### TASK INPUT

<<<<

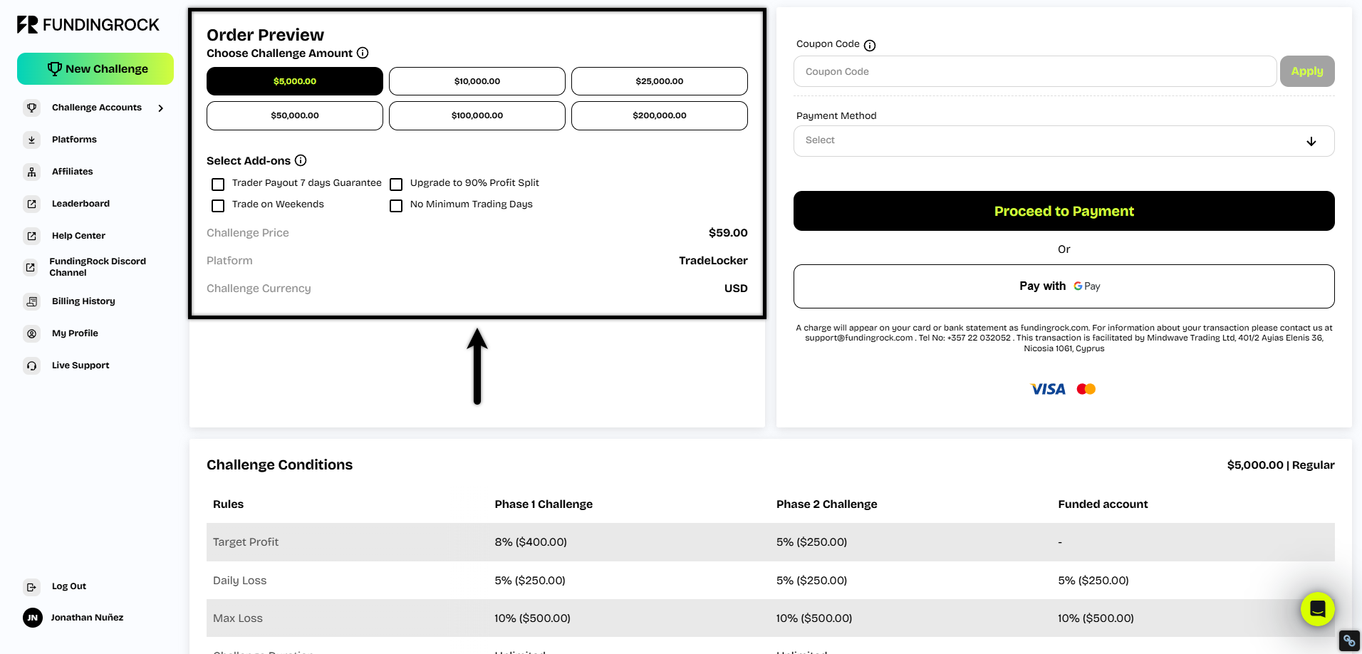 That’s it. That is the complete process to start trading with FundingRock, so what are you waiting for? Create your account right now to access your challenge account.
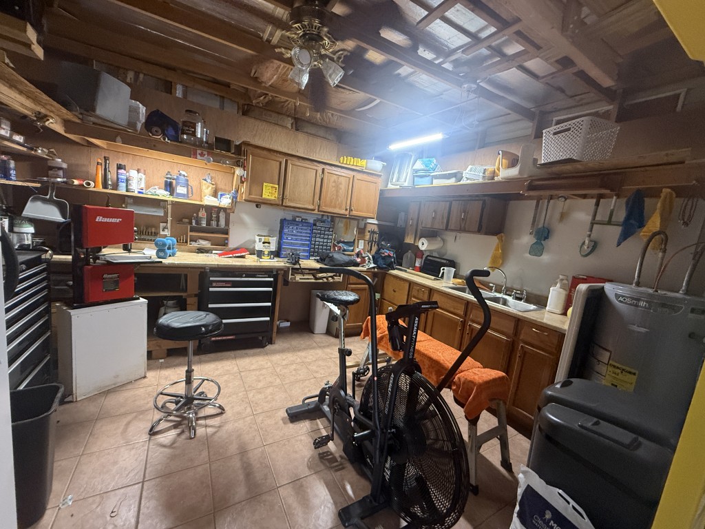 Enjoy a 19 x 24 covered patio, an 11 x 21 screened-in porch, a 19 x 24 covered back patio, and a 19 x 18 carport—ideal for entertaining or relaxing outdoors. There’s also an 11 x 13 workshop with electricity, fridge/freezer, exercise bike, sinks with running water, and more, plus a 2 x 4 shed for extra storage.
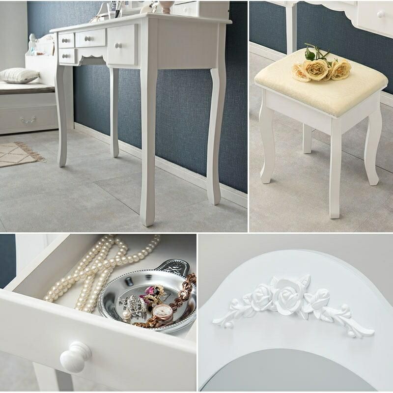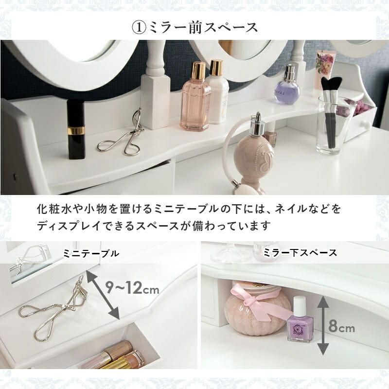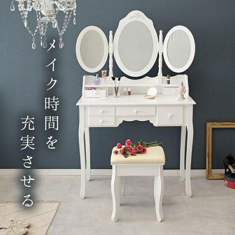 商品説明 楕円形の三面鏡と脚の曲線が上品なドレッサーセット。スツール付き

>>>>
<<<<

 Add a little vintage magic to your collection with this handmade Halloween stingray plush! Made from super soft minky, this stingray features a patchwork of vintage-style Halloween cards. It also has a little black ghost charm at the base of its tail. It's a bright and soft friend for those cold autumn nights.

>>>>

### WHAT YOU HAVE TO DO
Above are some records. Output exactly the lines from the one that contains "Enjoy a 19 x" to the one that contains "商品説明 楕円形の三面鏡と脚の曲線が上品なドレッサーセット。スツール付き", keeping both, and omit the pictures.

### WRITTEN RESPONSE
 Enjoy a 19 x 24 covered patio, an 11 x 21 screened-in porch, a 19 x 24 covered back patio, and a 19 x 18 carport—ideal for entertaining or relaxing outdoors. There’s also an 11 x 13 workshop with electricity, fridge/freezer, exercise bike, sinks with running water, and more, plus a 2 x 4 shed for extra storage.
 商品説明 楕円形の三面鏡と脚の曲線が上品なドレッサーセット。スツール付き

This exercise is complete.